Async profiler overhead on Zing

407 Views Asked by At

Our team is monitoring latency of our application using HdrHistograms. When I attach async profiler to it all percentiles increase dramatically.

OS: Red Hat Enterprise Linux release 8.1 (Ootpa)

JVM: 11.0.8-zing_20.08.2.0-b2-product-linux-X86_64

This is what happens if I attach the profiler with flags -i 1000 -t: enter image description here

This is what happens if I attach the profiler with flags -i 100000 -t: enter image description here

Decreasing sampling frequency obviously decreases overhead, but it still remains large. I have two questions about it:

  1. Are there any other ways to decrease the profiling overhead other than reducing sampling frequency? Maybe there are some magical kernel/JVM flags?
  2. Does this overhead materially distort the profile itself?

Thank you

1

There are 1 best solutions below

1
On BEST ANSWER

The profiling interval is in nanoseconds. You can explicitly specify units, e.g. -i 10ms. In your case, -i 1000 means 1000 nanoseconds, which is not a sane sampling interval: the process will just do continuous sampling instead of the useful work - and, of course, the result profile will not reflect the realistic picture. Start from the default interval (10ms) and decrease it only if absolutely needed.
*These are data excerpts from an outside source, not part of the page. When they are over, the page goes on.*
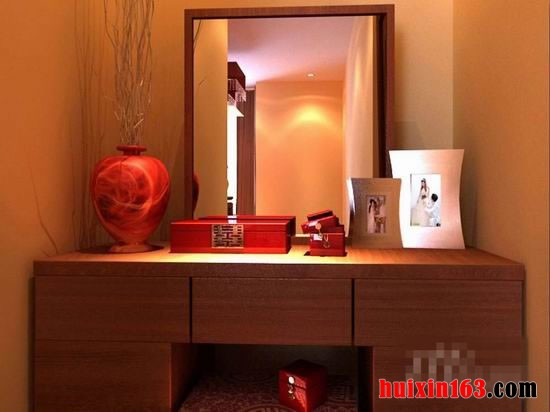 深色的实木的化妆桌的抽屉上面没有任何的把手,单纯靠设计就能够设计出非常方便开合的抽屉,下面的柜子的柜门也是同样的处理。在桌面上还有一个红色的小花瓶,花瓶里面则是一些干枯的植草,这是一种非常甜美的表现。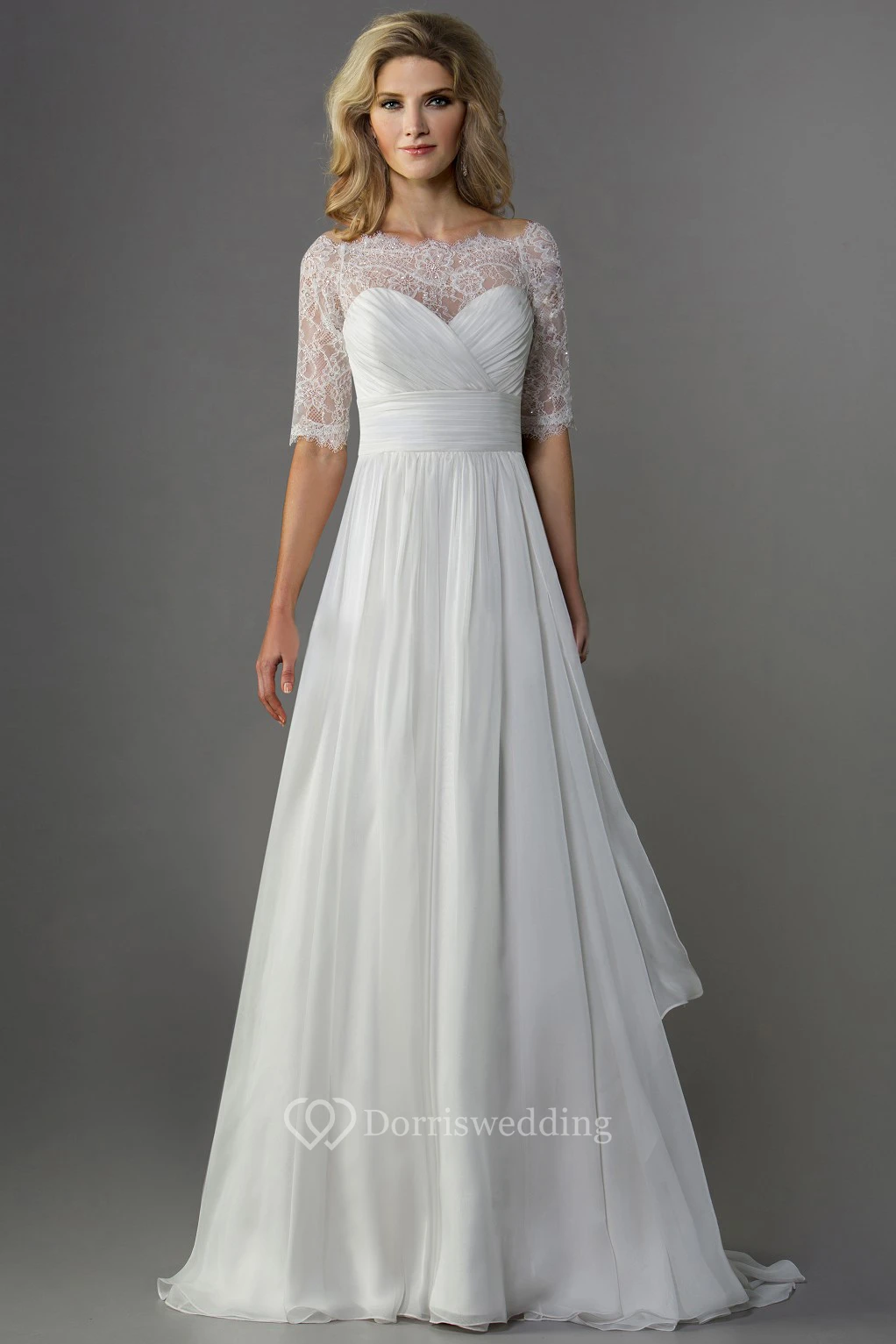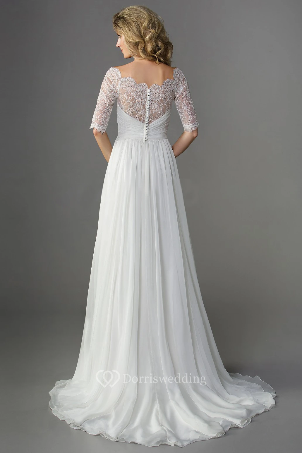 Half-Sleeved A-Line Chiffon Wedding Dress With Illusion Lace Detail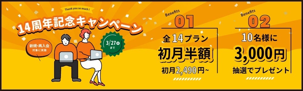 期間内に新規入会または再入会された方は、初月月額料金が半額(税込2,490円~)でご入会いただけます。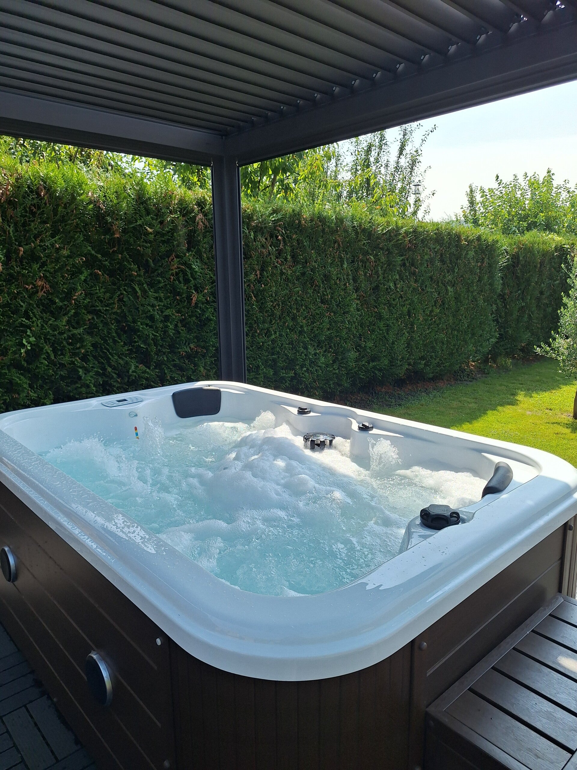 Vous préférez vous reposer en écoutant le bruit des oiseaux ou votre musique ? Notre jacuzzi extérieur possède des baffles intégrés pour vous détendre au soleil. La pergola est également refermable sur 2 côtés pour profiter de ce moment en toute intimité ! Disponible à partir de printemps 2026.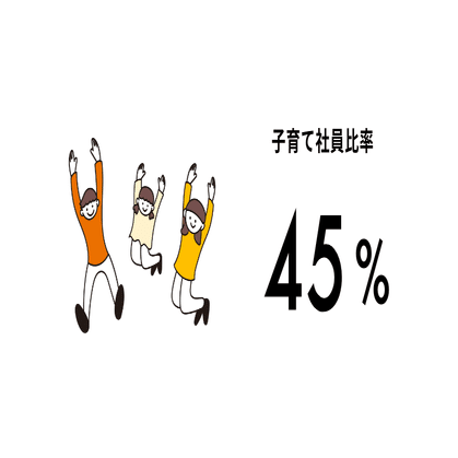 子育て社員比率:子育て比率は約4割。働くパパママが多い環境。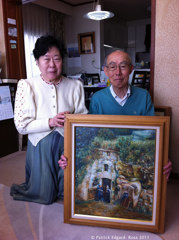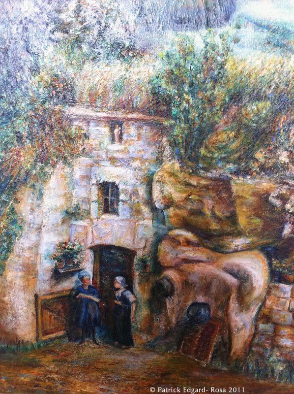 Michiko est une amie de Michel, le frère d’André, missionnaire à Kobe au Japon depuis 1969, et qui lui a fait découvrir la ferme de l’Orbière où elle reviendra à plusieurs reprises. Un fusain dessiné par Michiko, représentant la mère d’André est accrochée dans la maison. Une autre toile plus grande représentant la ferme est aujourd’hui chez la nièce d’André. La palette de couleur, le trait mouvementé et calme à la fois, reflètent l’inimitable lumière de Loire. Un paysage du fleuve vient compléter cette série. On ne peut s’empêcher de penser à un autre peintre voyageur, qui remontait la Loire de Nantes à Orléans, en 1826. William Turner (1775-1851) a ainsi peint plus de 40 villes et sites*, au fil de sa remontée en gabare et bateau à vapeur. A-t-il lui aussi succombé au charme des troglos ?
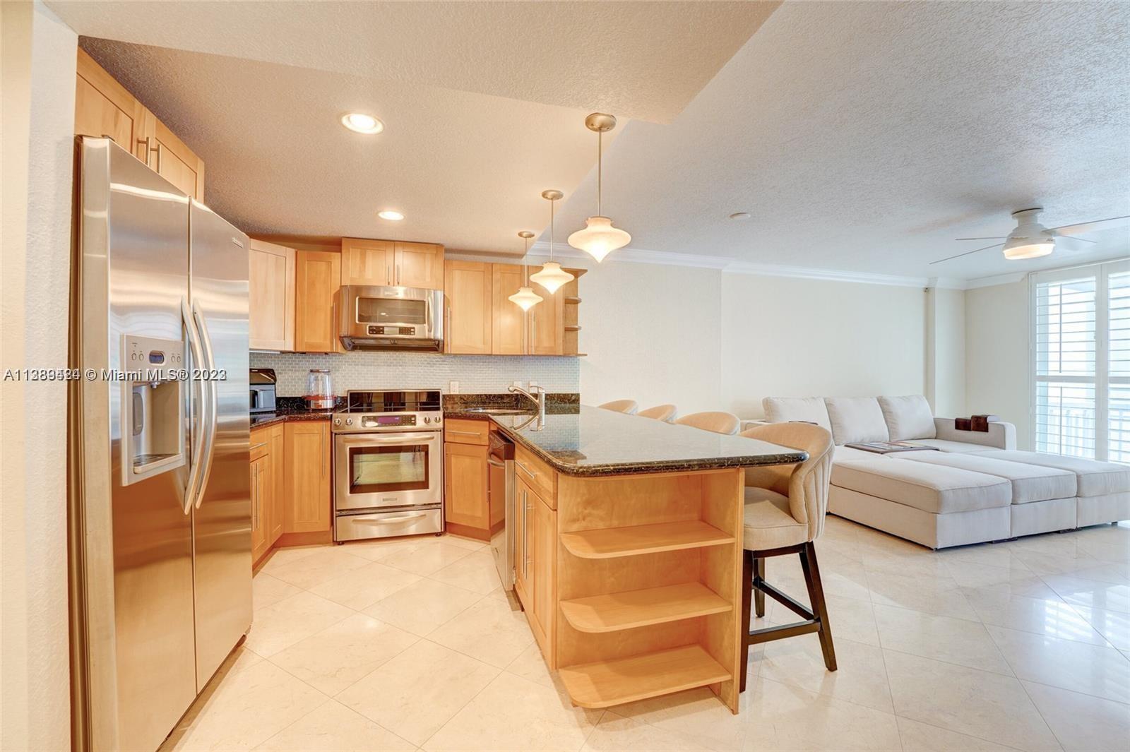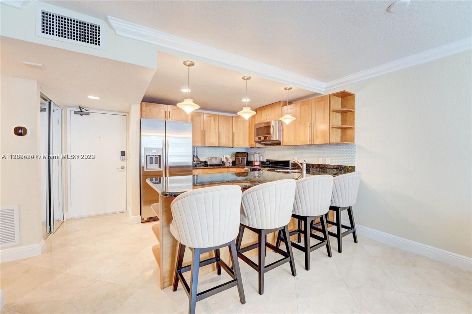 South Beach Oceanfront Living. This home has Southern exposure with breathtaking sunsets and direct ocean views. Completely renovated with an open concept kitchen including stainless-steel appliances, refrigerator, microwave, convection oven, dishwasher, and washer/dryer in unit. State-of-the-art smart home using Alexis and Siri on a smartphone for remote access for front door video access and lock, all lighting, and thermostat control. Also features a five-foot wide custom pocket door for direct ocean views from the bedroom, marble floors, custom closet, wood shutters, prewired living room speakers, and all Kohler plumbing fixtures. Beautiful Pool and Sauna. HOA fee includes Cable, High-Speed Internet, water, and trash.

I have explained the reasonable range in this answer:

As to the profiling interval, 10 ns is roughly 20-50 cpu instructions. It's literally impossible to take samples at such rate. The process will do nothing but spending all time inside the profiler.

The default sampling interval in cpu mode is 10ms. This choice is good enough for profiling in production: for an average application the profiling overhead will be negligible, while the number of samples will be enough to collect a meaningful profile.

1ms interval is usually fine for benchmarks and for profiling real applications for a short period of time. Lower intervals are rarely useful - maybe, only for capturing a profile of a short running piece of code.